Despite the poor weather, Hernández still managed a decent harvest in February from her 20 hives. She sells the larger part of her honey to the cooperative but says she saves some to sell to neighbors and others in town.

“In general the beehives have been a benefit,” Hernández says. “[Selling the honey] has helped send the children to school.” Hernández says that the family has also been able to buy a pig with the income from the honey. And like Bautista, Hernández says that she has been able to consider other means of obtaining extra income as well. While she plans to start her own business independently from the cooperative, (the front room of her home was recently stocked with sundries, and a neighbor came in to buy a drink and snack) she sometimes sells beehives to others.

Her children have also shown an interest in beekeeping, and have started contributing to the family’s income, Hernández says. Her eldest son learned how to reproduce the queen bees and sells queens when he has free time away from school.

But another source of income comes from Hernández’s time with the women’s group. Though it is a two-hour, one way walk for her to reach town, she makes that journey at least once a week.

YEAR OF CHALLENGES

The women’s group doesn’t have a designated spot or office in which to work, so they gather at members’ homes. Their work includes heating the wax, melting it and pressing it into honeycomb-shaped sheets, which are inserted into the pine frames.

Adelina Hernandez says honey sales help her to send her children, above, to school.
But the past year has been riddled with problems for both honey producers and the women’s groups. Many Honduran beekeepers lost hives, which they attributed to the colder, rainier year. One producer says pests were a problem. One keeper, Alvina Lopez Pineda, says she experienced an unexplainable collapse of her hives—seemingly similar to colony collapse disorder that has been affecting bee populations in the United States since 2006.

But whatever is harming the bees also affects the women’s group’s productivity. The group has been short on wax to produce sheets, so many of the women are not able to work, says Alex Rivera, the general manager of Cooperativa Apicola Pionera de Honduras Limitada.

“This year it has been more difficult because of the climate changes,” Rivera says. “[Our producers] have seen hundreds of bees dead on the ground, but we’ve been able to control it to some extent.”

Before Heifer partnered with the cooperative, members abandoned beekeeping in droves when the Africanized honeybee migrated north. But this time, through its partnership with Heifer, the co-op is able to cushion the hardships. Rivera says one way the partners ensure the women’s group remains employed is to import wax from the United States. The co-op also offers credit to any member if times have been more difficult.

Additionally, Heifer International and the co-op have added a new piece of equipment to the women’s group to further ensure its success and sustainability. With the new equipment—which melts the wax so it can be pressed into the laminates—they will be able meet at the treasurer’s home, where it will be kept, and continue working.

“We hope to be very productive with this machine,” Santos tells Rivera at the ceremony where the equipment is presented. “We know we’ll have permanent work now.”

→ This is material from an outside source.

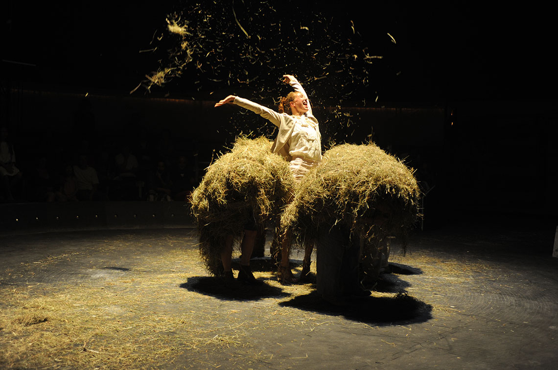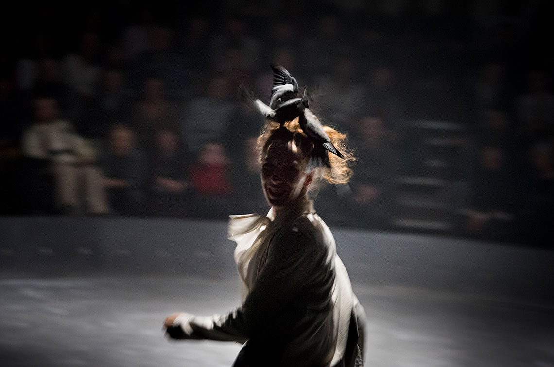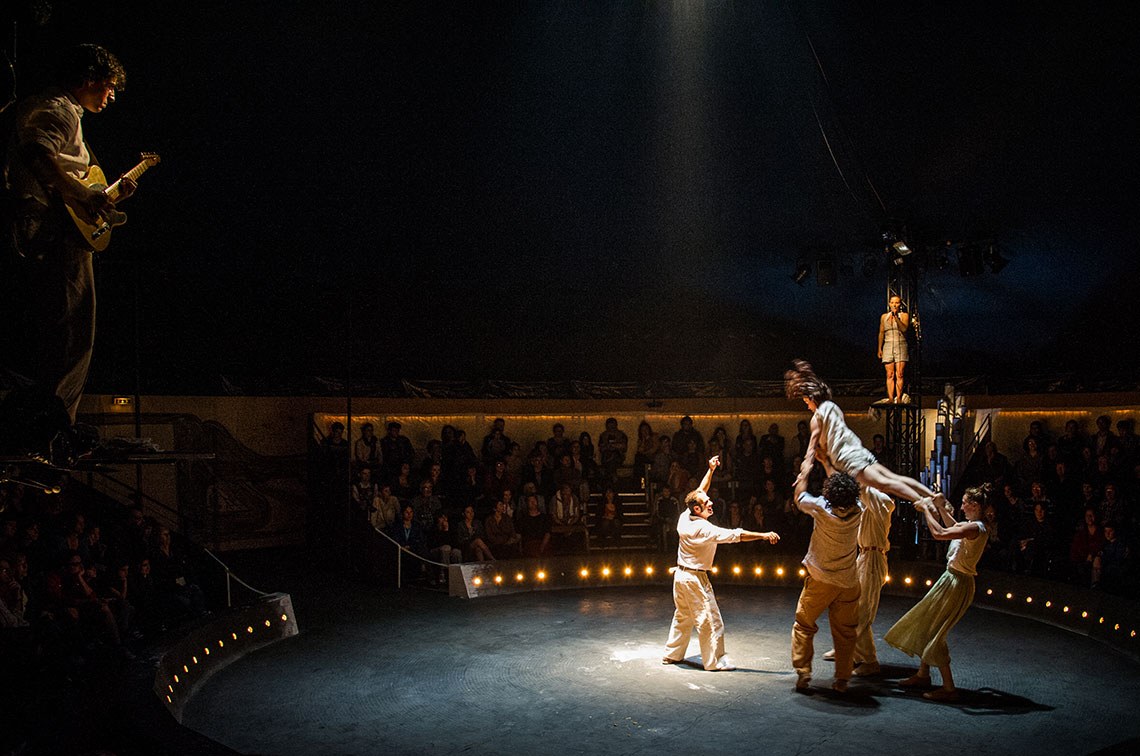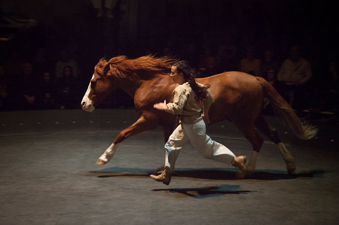 Built like a poem, this fascinating and thought-provoking performance explores, through the language of contemporary circus - blend of rhythm and voice, dance, acrobatics and visual arts - the intimate, delicate and profound bond between animals and humans. In its tent, a sort of reinvented primitive rock-painting’cave, we embark on an improbable journey and assist to an intelligent and sensitive dialogue of bodies on a quest for solutions on the edge of stability and imperfection, on freedom and ancestrality, protagonized by the members of a tribe of horses, birds and human artists.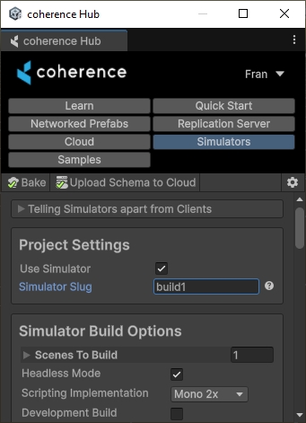 When using the Simulators tab in the coherence Hub, you can enable the Use Simulator option and specify a Simulator Slug. This is simply a unique identifier for a Simulator. This value is automatically saved in RuntimeSettings

Despite the recent hardships the producers and members of the cooperative report, the past six years, through Heifer’s support of the co-op, have changed the lives of the cooperative’s honey producers, Rivera says. “The entire beekeeping community has become solid and viable since Heifer’s involvement. There is more productivity all the way around.” And that productivity is what allows the community, and individual families, to improve their lives and look to a better future for their children.

Santos says she hopes that her children will become involved in beekeeping because it provides the family with more than they ever had in the past. Santos says their quality of life has improved so much that they could even buy a newer car to transport the hives. They can handle anything that comes their way now, she says.

Her husband echoes Santos’ hopes for their children. “In the chance that they don’t want to continue with this business, they will be able to go to college.”